John Melhuish Strudwick (6 May 1849 in Clapham, London – 16 July 1937 in Hammersmith), was an English Pre-Raphaelite painter, the son of William Strudwick (1808–1861) and Sarah Melhuish (1800–1862).

Strudwick attended St Saviour's Grammar School in Southwark. Disliking the idea of a business career, he took classes at the Royal Academy Schools in South Kensington, but was not regarded as a promising student.
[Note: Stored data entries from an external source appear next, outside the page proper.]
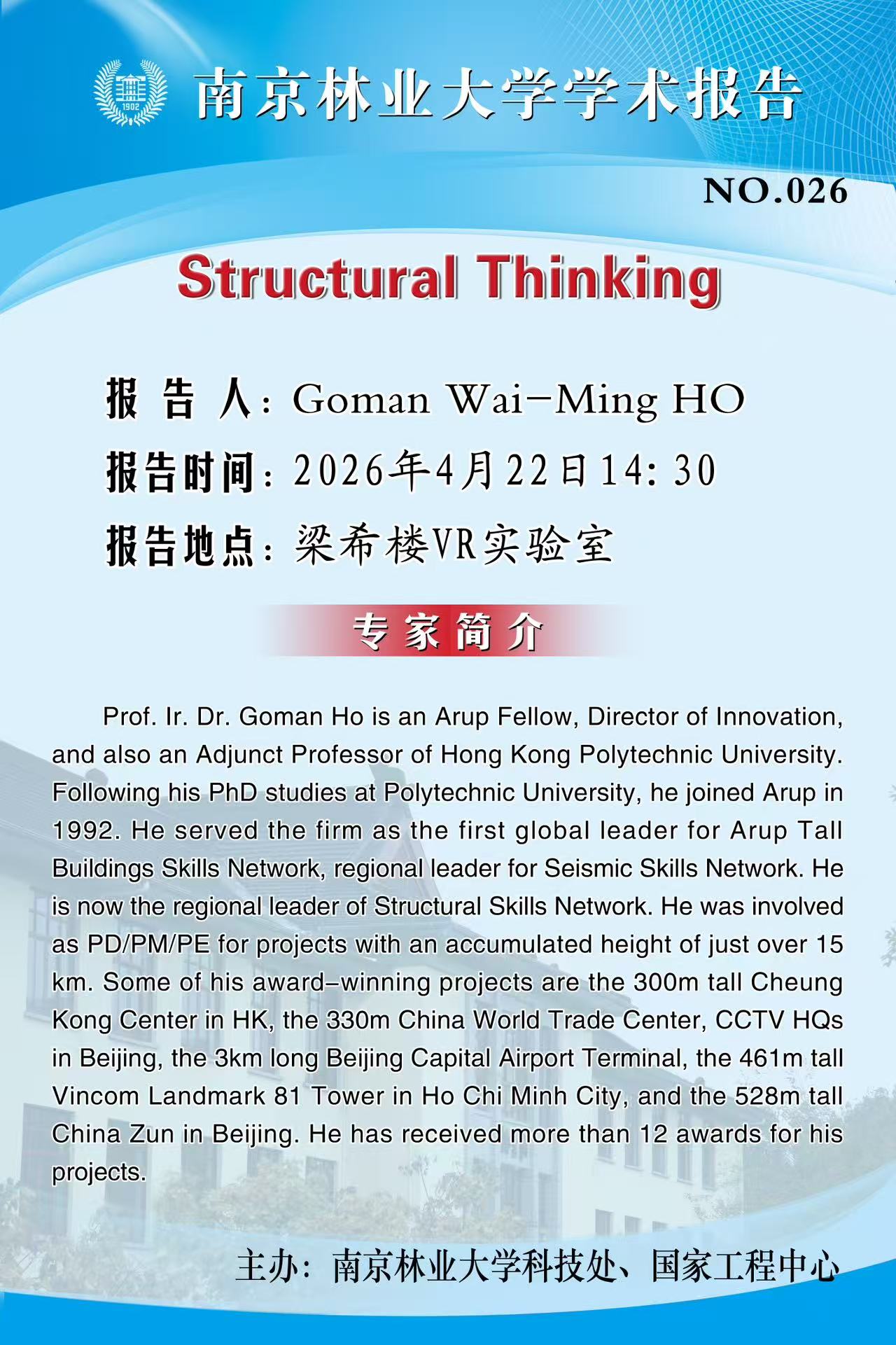 活动预告 首页 -活动预告 Structural Thinking 来源:通讯员:摄影:【报告人】Goman Wai-Ming HO 【报告时间】2026年4月22日14:30 【报告地点】梁希楼VR实验室编辑:浏览:时间:2026-04-21 字号:【大中小】
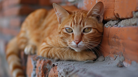 A ginger cat with curious eyes lounges by a brick wall, expressing curiosity, relaxation, and a homely atmosphere, space for text.
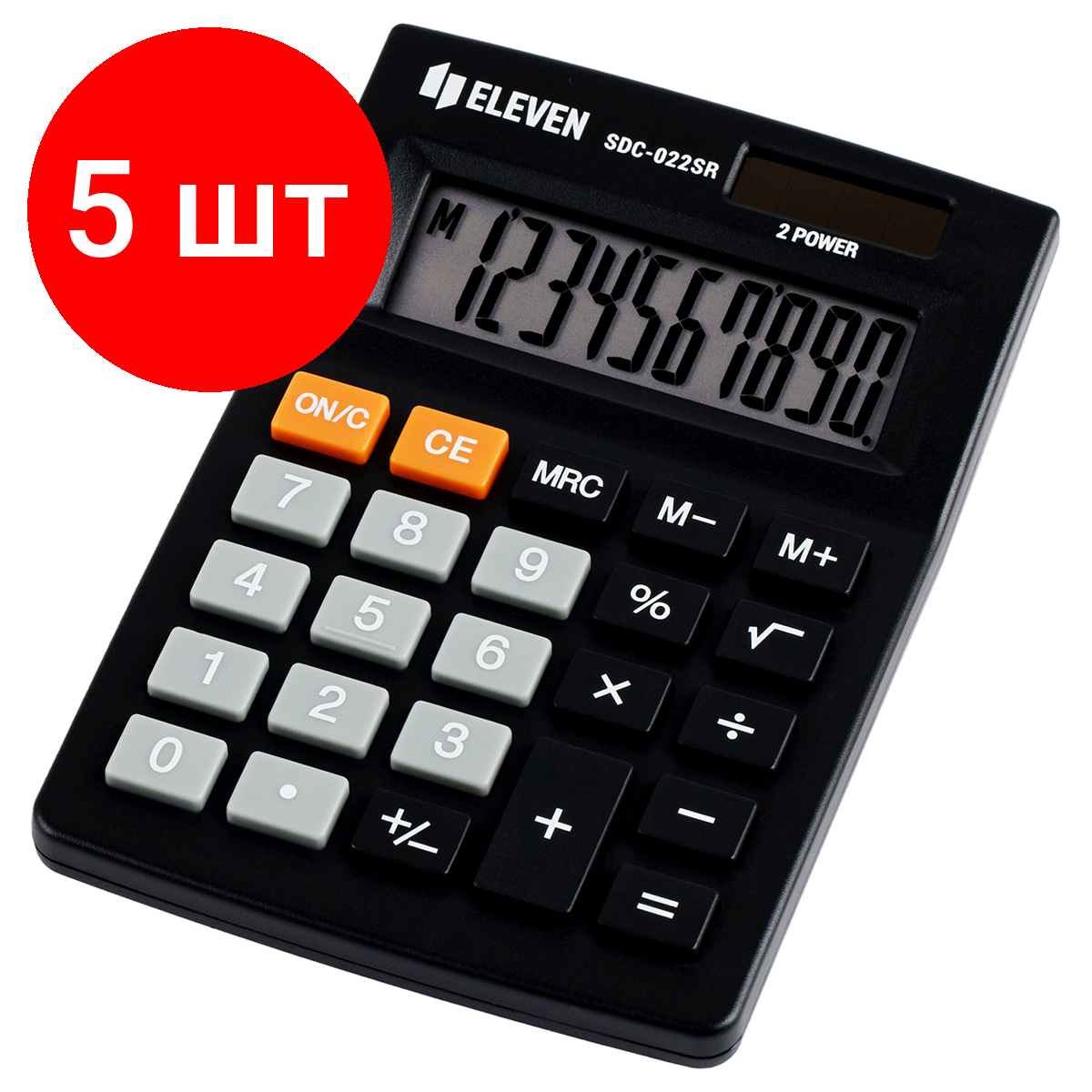 Комплект 5 шт, Калькулятор настольный Eleven SDC-022SR, 10 разрядов, двойное питание, 88*127*23мм, черный интересное:
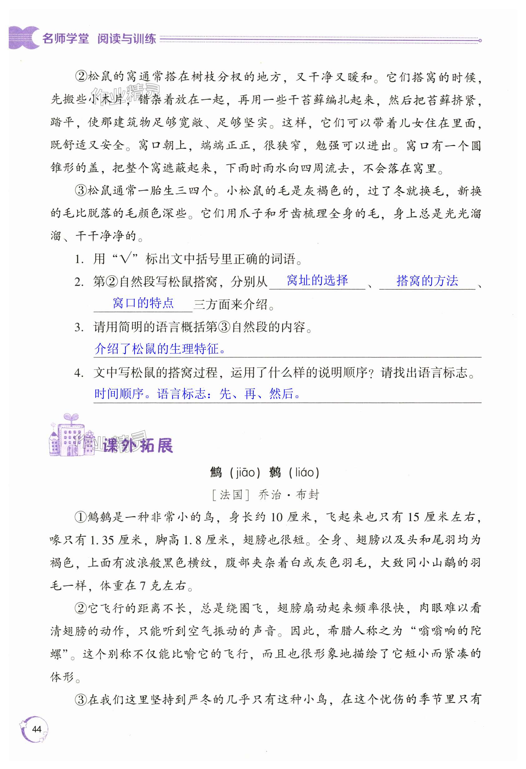 注:目前有些书本章节名称可能整理的还不是很完善,但都是按照顺序排列的,请同学们按照顺序仔细查找。练习册 2023年阅读与训练名师学堂五年级语文上册人教版 答案主要是用来给同学们做完题方便对答案用的,请勿直接抄袭。
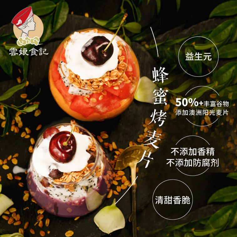 【中国直邮】 云娘食记 蜂蜜纯麦片 烘焙椰子油谷物健身代餐隔夜麦片 即食酸奶干吃酸奶碗配料 280g【香酥清甜 低卡果糖 健康无负担】
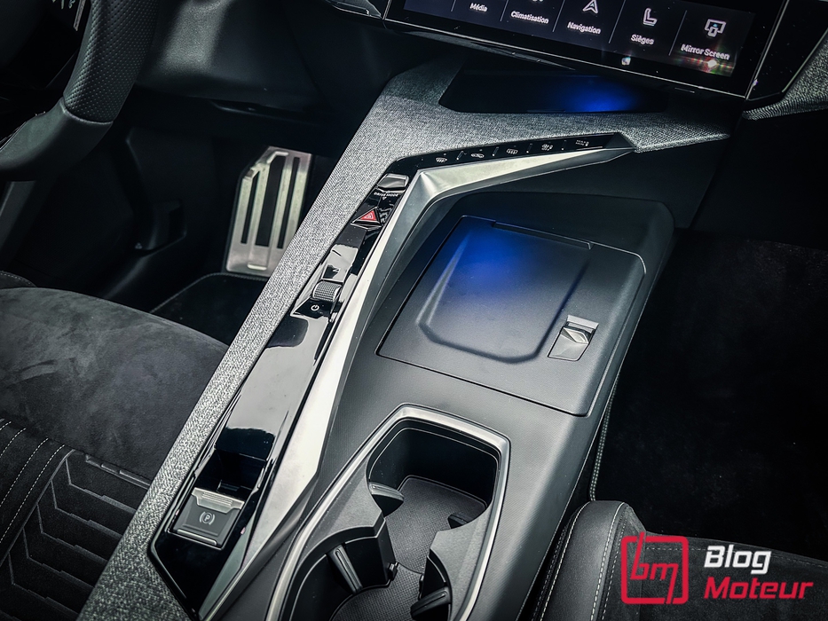 La qualité de fabrication semble conforme à la volonté de montée en gamme du modèle. Certes, certains éléments sonnent creux, mais l’impression globale reste flatteuse, et les assemblages progressent par rapport à l’ancienne génération. On apprécie par ailleurs les « petits détails qui font la différence », comme la présence de feutrine dans les bacs de porte avant. A l’arrière, l’espace est dans la bonne moyenne (sauf pour le passager central, qui devra jouer des coudes), et on peut glisser ses pieds sous le siège avant. Le coffre est lui aussi dans la bonne moyenne, avec 520 litres. Heureusement, car le E-3008 n’a pas de « frunk » à l’avant, par exemple pour y loger les câbles de recharge.
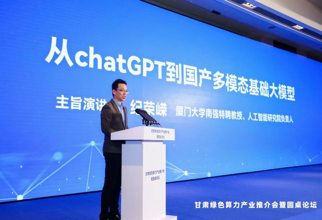 庆阳市委常委、副市长徐刚重点推介了庆阳市数字产业及重点招商项目。主题演讲环节,易股天下集团董事长易欢欢,厦门大学人工智能研究院负责人纪荣嵘教授,浙商银行副行长景峰,弘信电子董事长李强和燧原科技创始人张亚林,分别以“即将到来的AGI和元宇宙2.0时代”“从chatGPT到国产多模态基础大模型”“智金融,算未来”“绿色算力生态与商业模式创新”和“绿色算力需求下的AI基础设施”等为主题展开分享。
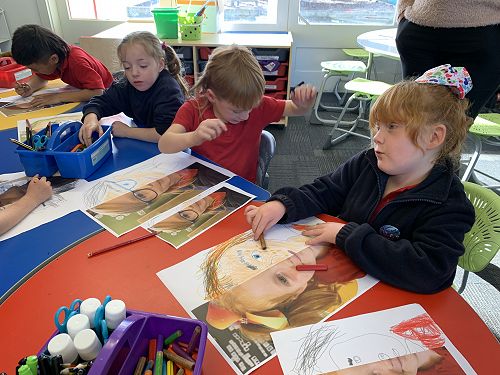 In Rata we made cards for the special people in our lives. We have also had Abby's puppy, Rocket, visiting. Our self portraits are now finished and up on the wall.
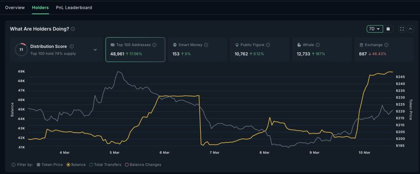 Combined, the two cohorts accumulated roughly 15,078 $ZEC over the past seven days, worth about $3.3 million at current prices, signaling fresh large-holder accumulation during the recovery phase.

In the 1860s he was encouraged by a visitor, the Scottish genre painter, John Pettie, whose style he subsequently emulated. His depiction of the ballad of 'Auld Robin Gray', which was exhibited at the Royal Society of British Artists in 1873, is an example of this period. His art style, however, developed in a new direction in the 1870s when he worked first as studio assistant to his uncle Spencer Stanhope and then to Edward Burne-Jones. In keeping with artists in his circle, he exhibited at the Grosvenor and New Galleries. Strudwick's studio was in Hammersmith, close to that of Burne-Jones and Thomas Matthews Rooke, who had also been an assistant to Burne-Jones. He married Harriet Reed and had a single daughter, Ethel (1880–1954), who later became High Mistress of St Paul's Girls' School from 1927 to 1948, and was awarded a CBE.

His initial success as a painter came to an end when wealthy and influential patrons such as the Liverpool shipowners William Imrie and George Holt withdrew their support. His painting "When Sorrow comes in Summer Days, Roses Bloom in Vain" was left half finished in protest at the seemingly orchestrated collapse of his career.